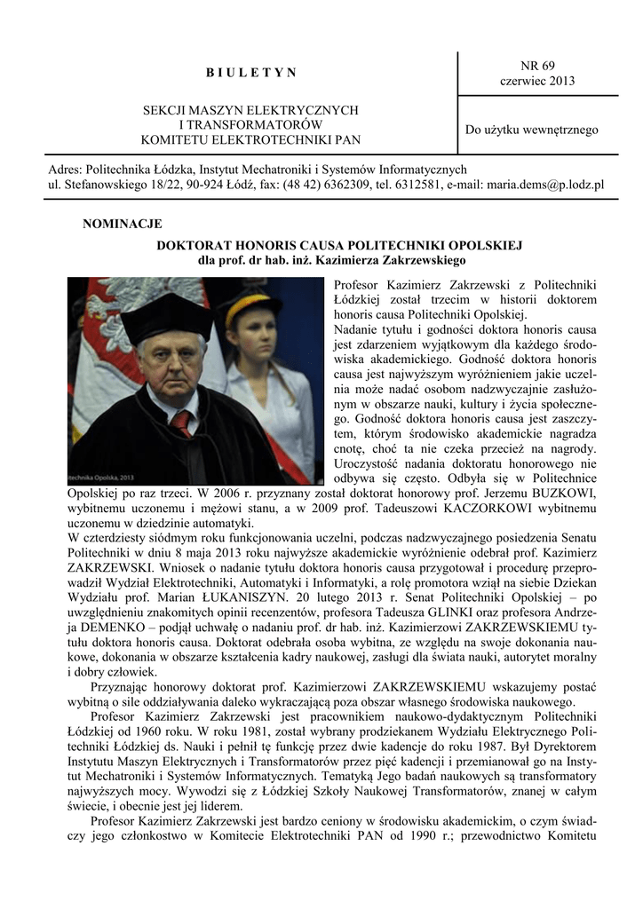 BIULETYN SEKCJI MASZYN ELEKTRYCZNYCH I TRANSFORMATORÓW KOMITETU ELEKTROTECHNIKI PAN NR 69 czerwiec 2013 Do użytku wewnętrznego Adres: Politechnika Łódzka, Instytut Mechatroniki i Systemów Informatycznych ul. Stefanowskiego 18/22, 90-924 Łódź, fax: (48 42) 6362309, tel. 6312581, e-mail: [email protected] NOMINACJE DOKTORAT HONORIS CAUSA POLITECHNIKI OPOLSKIEJ dla prof. dr hab. inż. Kazimierza Zakrzewskiego Profesor Kazimierz Zakrzewski z Politechniki Łódzkiej został trzecim w historii doktorem honoris causa Politechniki Opolskiej. Nadanie tytułu i godności doktora honoris causa jest zdarzeniem wyjątkowym dla każdego środowiska akademickiego. Godność doktora honoris causa jest najwyższym wyróżnieniem jakie uczelnia może nadać osobom nadzwyczajnie zasłużonym w obszarze nauki, kultury i życia społecznego. Godność doktora honoris causa jest zaszczytem, którym środowisko akademickie nagradza cnotę, choć ta nie czeka przecież na nagrody. Uroczystość nadania doktoratu honorowego nie odbywa się często. Odbyła się w Politechnice Opolskiej po raz trzeci. W 2006 r. przyznany został doktorat honorowy prof. Jerzemu BUZKOWI, wybitnemu uczonemu i mężowi stanu, a w 2009 prof. Tadeuszowi KACZORKOWI wybitnemu uczonemu w dziedzinie automatyki. W czterdziesty siódmym roku funkcjonowania uczelni, podczas nadzwyczajnego posiedzenia Senatu Politechniki w dniu 8 maja 2013 roku najwyższe akademickie wyróżnienie odebrał prof. Kazimierz ZAKRZEWSKI. Wniosek o nadanie tytułu doktora honoris causa przygotował i procedurę przeprowadził Wydział Elektrotechniki, Automatyki i Informatyki, a rolę promotora wziął na siebie Dziekan Wydziału prof. Marian ŁUKANISZYN. 20 lutego 2013 r. Senat Politechniki Opolskiej – po uwzględnieniu znakomitych opinii recenzentów, profesora Tadeusza GLINKI oraz profesora Andrzeja DEMENKO – podjął uchwałę o nadaniu prof. dr hab. inż. Kazimierzowi ZAKRZEWSKIEMU tytułu doktora honoris causa. Doktorat odebrała osoba wybitna, ze względu na swoje dokonania naukowe, dokonania w obszarze kształcenia kadry naukowej, zasługi dla świata nauki, autorytet moralny i dobry człowiek. Przyznając honorowy doktorat prof. Kazimierzowi ZAKRZEWSKIEMU wskazujemy postać wybitną o sile oddziaływania daleko wykraczającą poza obszar własnego środowiska naukowego. Profesor Kazimierz Zakrzewski jest pracownikiem naukowo-dydaktycznym Politechniki Łódzkiej od 1960 roku. W roku 1981, został wybrany prodziekanem Wydziału Elektrycznego Politechniki Łódzkiej ds. Nauki i pełnił tę funkcję przez dwie kadencje do roku 1987. Był Dyrektorem Instytutu Maszyn Elektrycznych i Transformatorów przez pięć kadencji i przemianował go na Instytut Mechatroniki i Systemów Informatycznych. Tematyką Jego badań naukowych są transformatory najwyższych mocy. Wywodzi się z Łódzkiej Szkoły Naukowej Transformatorów, znanej w całym świecie, i obecnie jest jej liderem. Profesor Kazimierz Zakrzewski jest bardzo ceniony w środowisku akademickim, o czym świadczy jego członkostwo w Komitecie Elektrotechniki PAN od 1990 r.; przewodnictwo Komitetu Elektrotechniki od 2003 r. do 2012 r. (obecnie Honorowy Przewodniczący Komitetu Elektrotechniki); przewodnictwo Sekcji Maszyn Elektrycznych i Transformatorów Komitetu Elektrotechniki PAN od 1997 r.; członkostwo w Centralnej Komisji do spraw Stopni i Tytułów przez cztery kadencje w latach 200-2012 ( Z-ca Przewodniczącego Sekcji Nauk Technicznych przez dwie kadencje) ; przewodnictwo Rady Naukowej Instytutu Elektrotechniki w Warszawie od 1999 r. (czwarta kadencja); członkostwo Zarządu Głównego Polskiego Towarzystwa Elektrotechniki Teoretycznej i Stosowanej (19981992 i 1996-2005); członkostwo Honorowe Polskiego Towarzystwa Elektrotechniki Teoretycznej i Stosowanej od 1996 r.. Profesor jest członkiem Rady Redakcyjnej czasopisma z listy filadelfijskiej COMPEL i członkiem Rady Redakcyjnej “Archives of Electrical Engineering”, członkiem Komitetów Naukowych stałych Konferencji Międzynarodowych i recenzentem tych konferencji oraz członkiem Łódzkiego Towarzystwa Naukowego od 1992 r. Liczne i trwałe więzi Profesora Kazimierza Zakrzewskiego z Politechniką Opolską, a szczególności z Wydziałem Elektrotechniki, Automatyki i Informatyki mają miejsce od ponad trzydziestu lat i trwają do dziś. Profesor wspierał różne inicjatywy naukowe Wydziału oraz służy radą przy opiniowaniu wniosków dotyczących rozwoju Wydziału. W osobie Profesora Politechnika Opolska pozyskała wspaniałego ambasadora, który nie szczędził sił na rzecz Jej rozwoju i pozycji na krajowej mapie naukowej. Uchwała Senatu o nadaniu Profesorowi Kazimierzowi Zakrzewskiemu zaszczytnego tytułu doktora honoris causa Politechniki Opolskiej podjęta na wniosek Rady Wydziału Elektrotechniki, Automatyki i Informatyki poparta opiniami Recenzentów, jest wyrazem uznania dla Jego dorobku naukowego, istotnych zasług dla Politechniki Opolskiej oraz bardzo aktywnej działalności na rzecz rozwoju polskiego i międzynarodowego środowiska naukowego w zakresie elektrotechniki, a szczególnie maszyn elektrycznych. Tytuł przyznano na uroczystym posiedzeniu Senatu PO, z zachowaniem obowiązujących procedur (które przedstawił Prorektor ds Nauki PO - Prof. Janusz Pospolita), na wniosek Prof. Mariana Łukaniszyna - dziekana Wydziału Elektrotechniki, Automatyki i Informatyki. Uroczystość zgromadziła liczne grono naukowców i przyjaciół Prof. Zakrzewskiego z wielu polskich ośrodków naukowych. Gości przybyłych na uroczystość powitał Prof. Krzysztof Malik - Prorektor ds. Współpracy i Rozwoju Politechniki Opolskiej. Rektor Politechniki Opolskiej - Prof. Marek Tukiendorf - w okolicznościowym wystąpieniu zwrócił uwagę iż: "Nadanie tytułu DHC stanowi symboliczny dowód akademickości uczelni oraz jej misji w kreowaniu wzorców, wskazywaniu cnót i osób godnych naśladowania. [...] Wybór osoby, która zostaje u
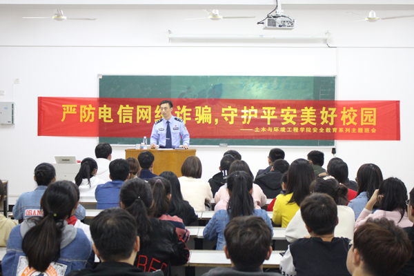 10月17日下午,高新派出所副所长孙传洋、民警司源等同志参加了威尼斯官网土木与环境工作学院的主题班会。孙所长与师生进行了互动,就防电信网络诈骗的危害性、隐蔽性、难以追回的特点进行了宣讲。
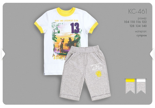 КС461 Костюм, супрем, д/мальчика 658,50 желтый+серый 128
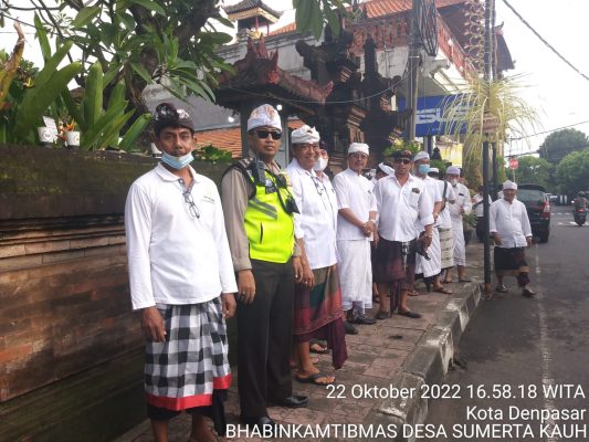 Hal tersebut dilakukan Bhabinkamtibmas Desa Sumerta Kauh Aiptu I Putu Sujana melaksanakan pengamanan Kegiatan Upacara Piodalan Saniscara Watugunung Ring Pura Pauman di jalan Ratna, Banjar Pagan Kaja, Desa Sumerta Kauh Denpasar Timur (Dentim), Sabtu (22/10/22) Sore.

-=-=-=-=-

**Exercise goal**.
The lines above must be transcribed exactly, with every picture left out.

**Reply**.
 BIULETYN SEKCJI MASZYN ELEKTRYCZNYCH I TRANSFORMATORÓW KOMITETU ELEKTROTECHNIKI PAN NR 69 czerwiec 2013 Do użytku wewnętrznego Adres: Politechnika Łódzka, Instytut Mechatroniki i Systemów Informatycznych ul. Stefanowskiego 18/22, 90-924 Łódź, fax: (48 42) 6362309, tel. 6312581, e-mail: [email protected] NOMINACJE DOKTORAT HONORIS CAUSA POLITECHNIKI OPOLSKIEJ dla prof. dr hab. inż. Kazimierza Zakrzewskiego Profesor Kazimierz Zakrzewski z Politechniki Łódzkiej został trzecim w historii doktorem honoris causa Politechniki Opolskiej. Nadanie tytułu i godności doktora honoris causa jest zdarzeniem wyjątkowym dla każdego środowiska akademickiego. Godność doktora honoris causa jest najwyższym wyróżnieniem jakie uczelnia może nadać osobom nadzwyczajnie zasłużonym w obszarze nauki, kultury i życia społecznego. Godność doktora honoris causa jest zaszczytem, którym środowisko akademickie nagradza cnotę, choć ta nie czeka przecież na nagrody. Uroczystość nadania doktoratu honorowego nie odbywa się często. Odbyła się w Politechnice Opolskiej po raz trzeci. W 2006 r. przyznany został doktorat honorowy prof. Jerzemu BUZKOWI, wybitnemu uczonemu i mężowi stanu, a w 2009 prof. Tadeuszowi KACZORKOWI wybitnemu uczonemu w dziedzinie automatyki. W czterdziesty siódmym roku funkcjonowania uczelni, podczas nadzwyczajnego posiedzenia Senatu Politechniki w dniu 8 maja 2013 roku najwyższe akademickie wyróżnienie odebrał prof. Kazimierz ZAKRZEWSKI. Wniosek o nadanie tytułu doktora honoris causa przygotował i procedurę przeprowadził Wydział Elektrotechniki, Automatyki i Informatyki, a rolę promotora wziął na siebie Dziekan Wydziału prof. Marian ŁUKANISZYN. 20 lutego 2013 r. Senat Politechniki Opolskiej – po uwzględnieniu znakomitych opinii recenzentów, profesora Tadeusza GLINKI oraz profesora Andrzeja DEMENKO – podjął uchwałę o nadaniu prof. dr hab. inż. Kazimierzowi ZAKRZEWSKIEMU tytułu doktora honoris causa. Doktorat odebrała osoba wybitna, ze względu na swoje dokonania naukowe, dokonania w obszarze kształcenia kadry naukowej, zasługi dla świata nauki, autorytet moralny i dobry człowiek. Przyznając honorowy doktorat prof. Kazimierzowi ZAKRZEWSKIEMU wskazujemy postać wybitną o sile oddziaływania daleko wykraczającą poza obszar własnego środowiska naukowego. Profesor Kazimierz Zakrzewski jest pracownikiem naukowo-dydaktycznym Politechniki Łódzkiej od 1960 roku. W roku 1981, został wybrany prodziekanem Wydziału Elektrycznego Politechniki Łódzkiej ds. Nauki i pełnił tę funkcję przez dwie kadencje do roku 1987. Był Dyrektorem Instytutu Maszyn Elektrycznych i Transformatorów przez pięć kadencji i przemianował go na Instytut Mechatroniki i Systemów Informatycznych. Tematyką Jego badań naukowych są transformatory najwyższych mocy. Wywodzi się z Łódzkiej Szkoły Naukowej Transformatorów, znanej w całym świecie, i obecnie jest jej liderem. Profesor Kazimierz Zakrzewski jest bardzo ceniony w środowisku akademickim, o czym świadczy jego członkostwo w Komitecie Elektrotechniki PAN od 1990 r.; przewodnictwo Komitetu Elektrotechniki od 2003 r. do 2012 r. (obecnie Honorowy Przewodniczący Komitetu Elektrotechniki); przewodnictwo Sekcji Maszyn Elektrycznych i Transformatorów Komitetu Elektrotechniki PAN od 1997 r.; członkostwo w Centralnej Komisji do spraw Stopni i Tytułów przez cztery kadencje w latach 200-2012 ( Z-ca Przewodniczącego Sekcji Nauk Technicznych przez dwie kadencje) ; przewodnictwo Rady Naukowej Instytutu Elektrotechniki w Warszawie od 1999 r. (czwarta kadencja); członkostwo Zarządu Głównego Polskiego Towarzystwa Elektrotechniki Teoretycznej i Stosowanej (19981992 i 1996-2005); członkostwo Honorowe Polskiego Towarzystwa Elektrotechniki Teoretycznej i Stosowanej od 1996 r.. Profesor jest członkiem Rady Redakcyjnej czasopisma z listy filadelfijskiej COMPEL i członkiem Rady Redakcyjnej “Archives of Electrical Engineering”, członkiem Komitetów Naukowych stałych Konferencji Międzynarodowych i recenzentem tych konferencji oraz członkiem Łódzkiego Towarzystwa Naukowego od 1992 r. Liczne i trwałe więzi Profesora Kazimierza Zakrzewskiego z Politechniką Opolską, a szczególności z Wydziałem Elektrotechniki, Automatyki i Informatyki mają miejsce od ponad trzydziestu lat i trwają do dziś. Profesor wspierał różne inicjatywy naukowe Wydziału oraz służy radą przy opiniowaniu wniosków dotyczących rozwoju Wydziału. W osobie Profesora Politechnika Opolska pozyskała wspaniałego ambasadora, który nie szczędził sił na rzecz Jej rozwoju i pozycji na krajowej mapie naukowej. Uchwała Senatu o nadaniu Profesorowi Kazimierzowi Zakrzewskiemu zaszczytnego tytułu doktora honoris causa Politechniki Opolskiej podjęta na wniosek Rady Wydziału Elektrotechniki, Automatyki i Informatyki poparta opiniami Recenzentów, jest wyrazem uznania dla Jego dorobku naukowego, istotnych zasług dla Politechniki Opolskiej oraz bardzo aktywnej działalności na rzecz rozwoju polskiego i międzynarodowego środowiska naukowego w zakresie elektrotechniki, a szczególnie maszyn elektrycznych. Tytuł przyznano na uroczystym posiedzeniu Senatu PO, z zachowaniem obowiązujących procedur (które przedstawił Prorektor ds Nauki PO - Prof. Janusz Pospolita), na wniosek Prof. Mariana Łukaniszyna - dziekana Wydziału Elektrotechniki, Automatyki i Informatyki. Uroczystość zgromadziła liczne grono naukowców i przyjaciół Prof. Zakrzewskiego z wielu polskich ośrodków naukowych. Gości przybyłych na uroczystość powitał Prof. Krzysztof Malik - Prorektor ds. Współpracy i Rozwoju Politechniki Opolskiej. Rektor Politechniki Opolskiej - Prof. Marek Tukiendorf - w okolicznościowym wystąpieniu zwrócił uwagę iż: "Nadanie tytułu DHC stanowi symboliczny dowód akademickości uczelni oraz jej misji w kreowaniu wzorców, wskazywaniu cnót i osób godnych naśladowania. [...] Wybór osoby, która zostaje u
 10月17日下午,高新派出所副所长孙传洋、民警司源等同志参加了威尼斯官网土木与环境工作学院的主题班会。孙所长与师生进行了互动,就防电信网络诈骗的危害性、隐蔽性、难以追回的特点进行了宣讲。
 КС461 Костюм, супрем, д/мальчика 658,50 желтый+серый 128
 Hal tersebut dilakukan Bhabinkamtibmas Desa Sumerta Kauh Aiptu I Putu Sujana melaksanakan pengamanan Kegiatan Upacara Piodalan Saniscara Watugunung Ring Pura Pauman di jalan Ratna, Banjar Pagan Kaja, Desa Sumerta Kauh Denpasar Timur (Dentim), Sabtu (22/10/22) Sore.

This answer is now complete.